┌──

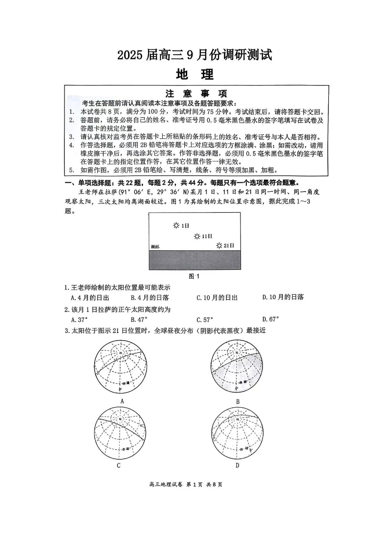 江苏省南通市2025届高三九月份调研测试+地理
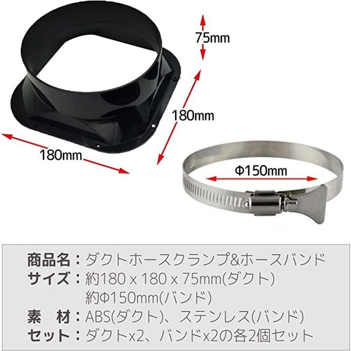 ダクト ホースクランプ 四角 換気 ステンレスホースバンド ダクトコネクター 150mm
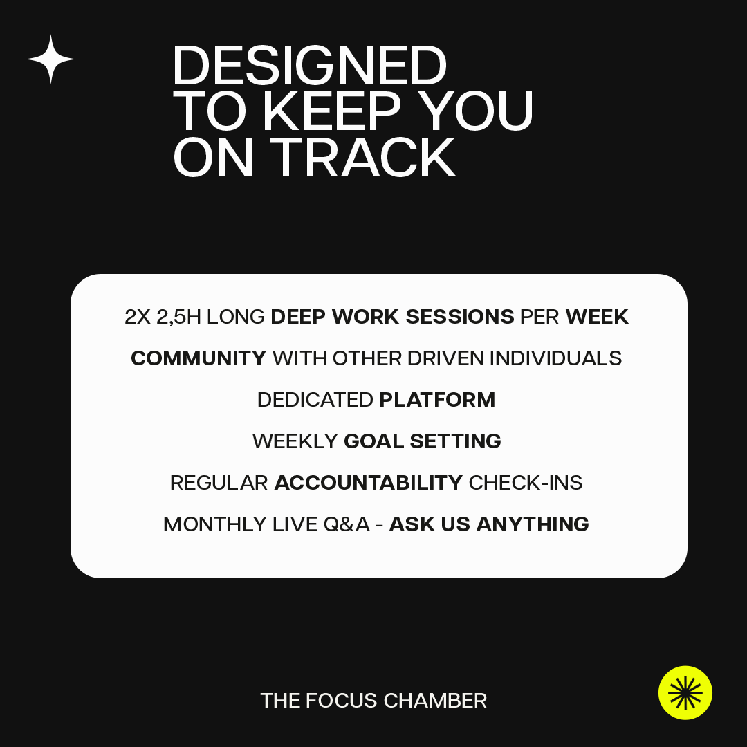 At its core, the Focus Chamber stands on three pillars: Focus, Work, and Community. The mechanisms are simple: regular Deep Work Sessions, a platform for connection and accountability, and a container designed with intention. No energy leaks are tolerated here. Everything has purpose and points in one direction: great work
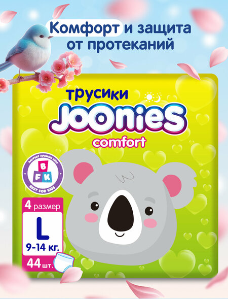 Подгузники-трусики JOONIES Comfort, размер L (9-14 кг) - это удобные и функциональные подгузники, предназначенные для детей с весом от 9 до 14 кг. Каждая упаковка содержит 44 шт подгузников-трусиков. JOONIES Comfort разработаны с учетом комфорта и удобства использования. Они имеют форму трусиков, что делает их легкими в надевании и снятии, особенно для активных малышей. Подгузники-трусики JOONIES Comfort размера L имеют эластичный пояс и мягкие манжеты, обеспечивающие хорошую посадку и комфорт. Они обладают высокой прочностью и эластичностью, чтобы поддерживать активные движения вашего ребенка. JOONIES Comfort также имеют поглощающий слой, который быстро впитывает влагу и предотвращает протекания. Они обеспечивают длительную сухость и защиту от протеканий в течение дня и ночи. Удобная система закрепления на боковых панелях делает использование подгузников-трусиков JOONIES Comfort простым и позволяет легко регулировать посадку для достижения оптимального комфорта и защиты. Подгузники-трусики JOONIES Comfort размера L (9-14 кг) обеспечивают надежную защиту и комфорт для вашего ребенка, позволяя ему свободно двигаться и исследовать мир вокруг. Рекомендуется периодически менять подгузники-трусики, чтобы поддерживать чистоту и комфорт вашего ребенка. Подгузники-трусики JOONIES Comfort размера L (9-14 кг) - это отличный выбор для детей в этом весовом диапазоне, обеспечивающий надежную защиту и комфорт в течение всего дня.

└──

▶ [What is required] Would you retype the material exactly, omitting each picture?

▶ [Completed exercise]
 江苏省南通市2025届高三九月份调研测试+地理
 ダクト ホースクランプ 四角 換気 ステンレスホースバンド ダクトコネクター 150mm
 At its core, the Focus Chamber stands on three pillars: Focus, Work, and Community. The mechanisms are simple: regular Deep Work Sessions, a platform for connection and accountability, and a container designed with intention. No energy leaks are tolerated here. Everything has purpose and points in one direction: great work
 Подгузники-трусики JOONIES Comfort, размер L (9-14 кг) - это удобные и функциональные подгузники, предназначенные для детей с весом от 9 до 14 кг. Каждая упаковка содержит 44 шт подгузников-трусиков. JOONIES Comfort разработаны с учетом комфорта и удобства использования. Они имеют форму трусиков, что делает их легкими в надевании и снятии, особенно для активных малышей. Подгузники-трусики JOONIES Comfort размера L имеют эластичный пояс и мягкие манжеты, обеспечивающие хорошую посадку и комфорт. Они обладают высокой прочностью и эластичностью, чтобы поддерживать активные движения вашего ребенка. JOONIES Comfort также имеют поглощающий слой, который быстро впитывает влагу и предотвращает протекания. Они обеспечивают длительную сухость и защиту от протеканий в течение дня и ночи. Удобная система закрепления на боковых панелях делает использование подгузников-трусиков JOONIES Comfort простым и позволяет легко регулировать посадку для достижения оптимального комфорта и защиты. Подгузники-трусики JOONIES Comfort размера L (9-14 кг) обеспечивают надежную защиту и комфорт для вашего ребенка, позволяя ему свободно двигаться и исследовать мир вокруг. Рекомендуется периодически менять подгузники-трусики, чтобы поддерживать чистоту и комфорт вашего ребенка. Подгузники-трусики JOONIES Comfort размера L (9-14 кг) - это отличный выбор для детей в этом весовом диапазоне, обеспечивающий надежную защиту и комфорт в течение всего дня.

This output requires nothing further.